Definition: A group $G$ is said to be solvable if there is a normal series of $G$ such that the factors are abelian, i.e. $G=G_0\trianglerighteq G_1\trianglerighteq \ldots \trianglerighteq G_n=\{1\},$ where $G_{i}/G_{i+1}$ are abelians.


What's wrong with the following proof? I searched on MSE and it seems that in order to quotient out $H$ many (such as here) consider the tower $G_iH$, but why can't we just take the image of canonical map as below?


Let $\phi: G \rightarrow G/H$ be the canonical map, then $\phi(G_i)$ forms a normal tower: $\phi(G_i)$ are groups as they are images of homomorphic maps, and given $\phi(a) \in \phi(G_i)$, $$ \phi(a)\phi(G_{i+1})\phi(a)^{-1} = \phi(aG_{i+1}a^{-1}) \subseteq \phi(G_{i+1}).$$ using normality of $G_{i+1}$ in $G_i$.
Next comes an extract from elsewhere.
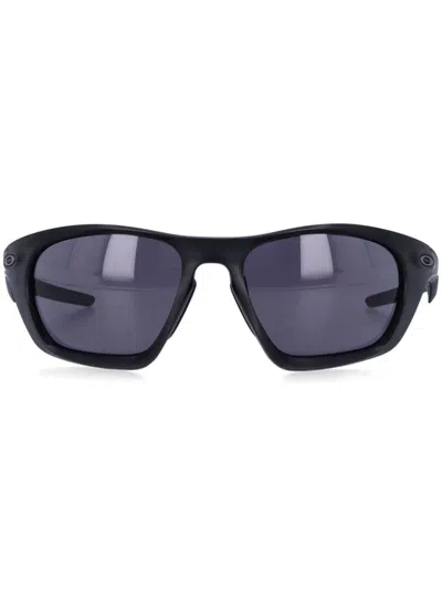 black acetate semi-matte finish shield frame tinted lenses logo plaque at the arm sculpted arms straight tips These glasses come with a protective case.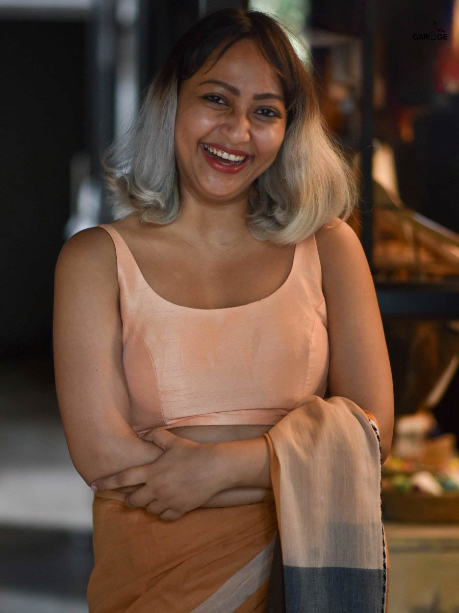 Ta, the model is wearing a size M blouse and the saree is Exuberant-O-Clock

$\phi(G_i)/ \phi(G_{i+1})$ is abelian: We have $$ \phi(a)\phi(G_{i+1}) \phi(b) \phi(G_{i+1}) = \phi(ab) \phi(G_{i+1})$$ since $G_i/G_{i+1}$ is abelian, $abG_{i+1} = baG_{i+1}$ so, $ab= ba g'$, for some $g' \in G_{i+1}$. Hence, $$ \phi(ab) G_{i+1} = \phi(ba)\phi(g')\phi(G_{i+1})= \phi(ba) \phi(G_{i+1}). $$ so the group is abelian.

Thus, $G/H= \phi(G) \trianglerighteq \ldots \trianglerighteq \phi(1) = H$ is an abelian tower.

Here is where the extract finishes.